*What this task involves*
Return the records below exactly; pictures stay out.

________________________________________

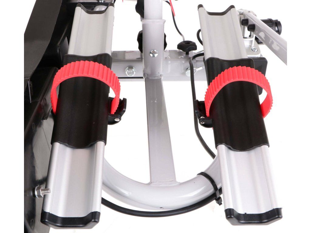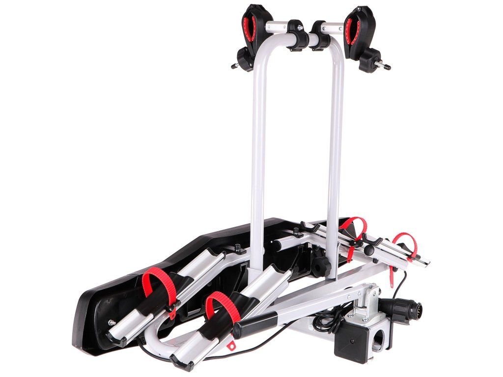 Spolehlivý nosič kol k upevnění na kouli tažného zařízení BIKE 2 pro 2 jízdní kola. Nosič je vyroben z oceli a hliníku. Nosič disponuje jednoduchým systémem upevnění, se sklápěním pro přístup do kufru, s kompletně osvětleným panelem a místem pro registrační značku vozidla. Upevnění kola do nosiče se obejde bez nářadí, provádí se uchycením držáku na rám a dotažením pásků na kolech umístěných na základně. Mechanismus je uzamykací a nehrozí tak odcizení kola. Zajišťovací kolečko pro upevnění jízdního kola je nutné důkladně dotáhnout, aby se překonal odpor prokluzu v zamčené poloze. Nosič je zhotoven z oceli a každá ze základen jízdního kola je z hliníku. Nosič je vybaven panelem s osvětlením a místem pro uchycení registrační značky (SPZ). Světelný panel je připojen k zásuvce tažného zařízení vozidla pomocí 13-pólového konektoru a je vybaven kompletními zadními svítilnami, včetně osvětlení RZ (SPZ). I přes velké rozměry nosiče, je stále umožněn přístup do kufru a to díky důmyslné konstrukci a možnosti sklápění celého nosiče.Hlavní výhody:
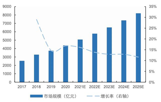再看国内市场,根据国泰君安证券研究院的数据显示,2017—2020年,我国智能家居市场规模持续扩大,由2600亿元增至5000.5亿元,预计到2025年我国智能家居市场规模预计可达8000亿元。
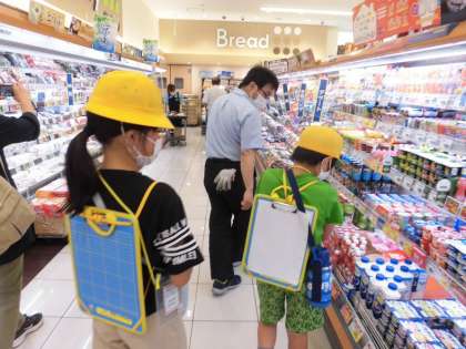 3年生がスーパーマーケットの見学へ行きました。店長さんが店内を案内をしてくださった後は、子どもたちの質問に丁寧に答えてくださいました。
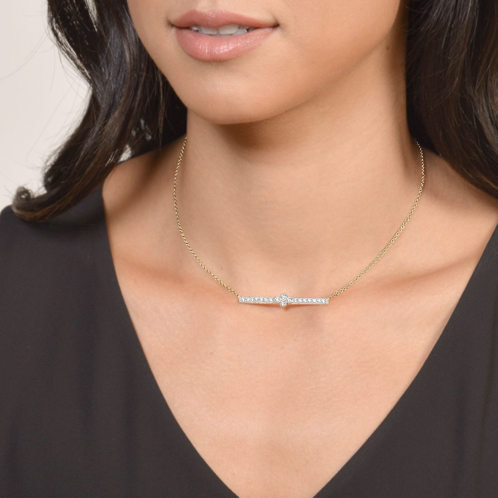 From the Provence Collection, the Large Provence Bar Necklace features bezel- and pavé-set round diamonds in 18K yellow gold. It measures 16 inches.
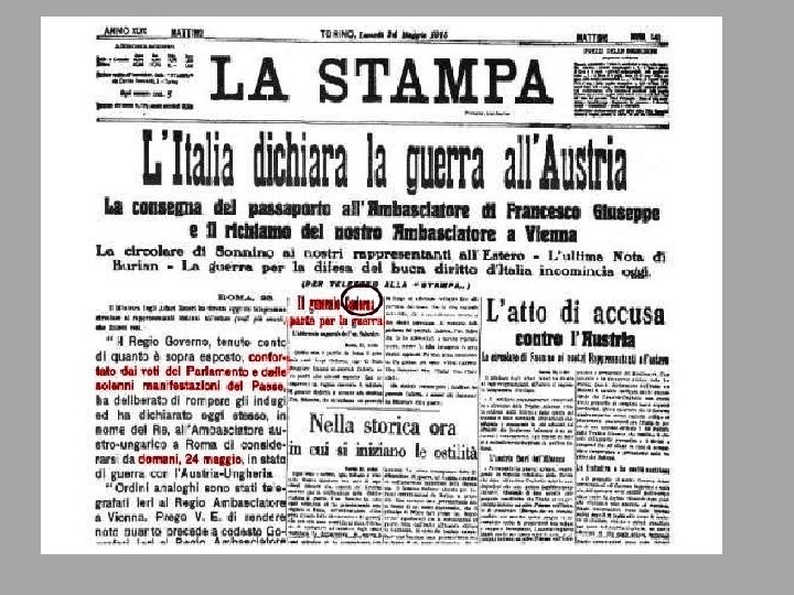 • PATTO DI LONDRA: Salandra (capo del governo) e Sonnino (ministro degli esteri) allacciarono rapporti segreti con le forze dell’Intesa ed infine decisero, con il solo avvallo del re, di accettarne le proposte e di firmare il 26 Aprile 1915 il patto di Londra con Francia, Inghilterra e Russia. • L’Italia, in caso di vittoria avrebbe ottenuto: il Trentino, il Sud Tirolo (Alto Adige), la Venezia Giulia, l’intera penisola istriana (eccetto Fiume) ed una parte della Dalmazia. Nella concezione diplomatica di Sonnino, il Patto di Londra non prevedeva la disgregazione dell’impero asburgico, ma solo un suo ridimensionamento a vantaggio dell’Italia nell’Adriatico. • La volontà neutralista manifestata dal Parlamento italiano fu scavalcata dal re che rifiutò le dimissioni di Salandra. • Radiose giornate di Maggio: appoggio della popolazione, mobilitata dagli interventisti. Roma divenne teatro di manifestazioni contro Giolitti e contro i parlamentari, accusati di essere traditori della Patria. L’ITALIA ENTRA IN GUERRA D’Annunzio in questa occasione si propose come poeta vate di una nuova Italia in guerra. Il 23 Maggio il Governo italiano dichiarò guerra all’Austria
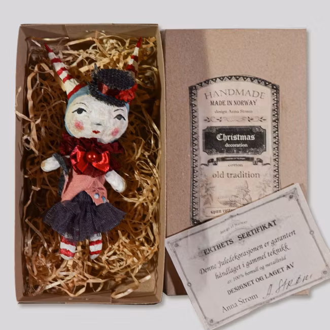 Annas legger kjærlighet og håndverk i alle detaljer og figurer, så det virkelig blir både ett kunstverk og samleobjekt. Selv boksen for julepynt er håndlaget.
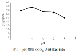 2. 2 pH值對(duì)CODCr去除率的影響

________________________________________

*Task result*
 Spolehlivý nosič kol k upevnění na kouli tažného zařízení BIKE 2 pro 2 jízdní kola. Nosič je vyroben z oceli a hliníku. Nosič disponuje jednoduchým systémem upevnění, se sklápěním pro přístup do kufru, s kompletně osvětleným panelem a místem pro registrační značku vozidla. Upevnění kola do nosiče se obejde bez nářadí, provádí se uchycením držáku na rám a dotažením pásků na kolech umístěných na základně. Mechanismus je uzamykací a nehrozí tak odcizení kola. Zajišťovací kolečko pro upevnění jízdního kola je nutné důkladně dotáhnout, aby se překonal odpor prokluzu v zamčené poloze. Nosič je zhotoven z oceli a každá ze základen jízdního kola je z hliníku. Nosič je vybaven panelem s osvětlením a místem pro uchycení registrační značky (SPZ). Světelný panel je připojen k zásuvce tažného zařízení vozidla pomocí 13-pólového konektoru a je vybaven kompletními zadními svítilnami, včetně osvětlení RZ (SPZ). I přes velké rozměry nosiče, je stále umožněn přístup do kufru a to díky důmyslné konstrukci a možnosti sklápění celého nosiče.Hlavní výhody:
再看国内市场,根据国泰君安证券研究院的数据显示,2017—2020年,我国智能家居市场规模持续扩大,由2600亿元增至5000.5亿元,预计到2025年我国智能家居市场规模预计可达8000亿元。
 3年生がスーパーマーケットの見学へ行きました。店長さんが店内を案内をしてくださった後は、子どもたちの質問に丁寧に答えてくださいました。
 From the Provence Collection, the Large Provence Bar Necklace features bezel- and pavé-set round diamonds in 18K yellow gold. It measures 16 inches.
 • PATTO DI LONDRA: Salandra (capo del governo) e Sonnino (ministro degli esteri) allacciarono rapporti segreti con le forze dell’Intesa ed infine decisero, con il solo avvallo del re, di accettarne le proposte e di firmare il 26 Aprile 1915 il patto di Londra con Francia, Inghilterra e Russia. • L’Italia, in caso di vittoria avrebbe ottenuto: il Trentino, il Sud Tirolo (Alto Adige), la Venezia Giulia, l’intera penisola istriana (eccetto Fiume) ed una parte della Dalmazia. Nella concezione diplomatica di Sonnino, il Patto di Londra non prevedeva la disgregazione dell’impero asburgico, ma solo un suo ridimensionamento a vantaggio dell’Italia nell’Adriatico. • La volontà neutralista manifestata dal Parlamento italiano fu scavalcata dal re che rifiutò le dimissioni di Salandra. • Radiose giornate di Maggio: appoggio della popolazione, mobilitata dagli interventisti. Roma divenne teatro di manifestazioni contro Giolitti e contro i parlamentari, accusati di essere traditori della Patria. L’ITALIA ENTRA IN GUERRA D’Annunzio in questa occasione si propose come poeta vate di una nuova Italia in guerra. Il 23 Maggio il Governo italiano dichiarò guerra all’Austria
 Annas legger kjærlighet og håndverk i alle detaljer og figurer, så det virkelig blir både ett kunstverk og samleobjekt. Selv boksen for julepynt er håndlaget.
 2. 2 pH值對(duì)CODCr去除率的影響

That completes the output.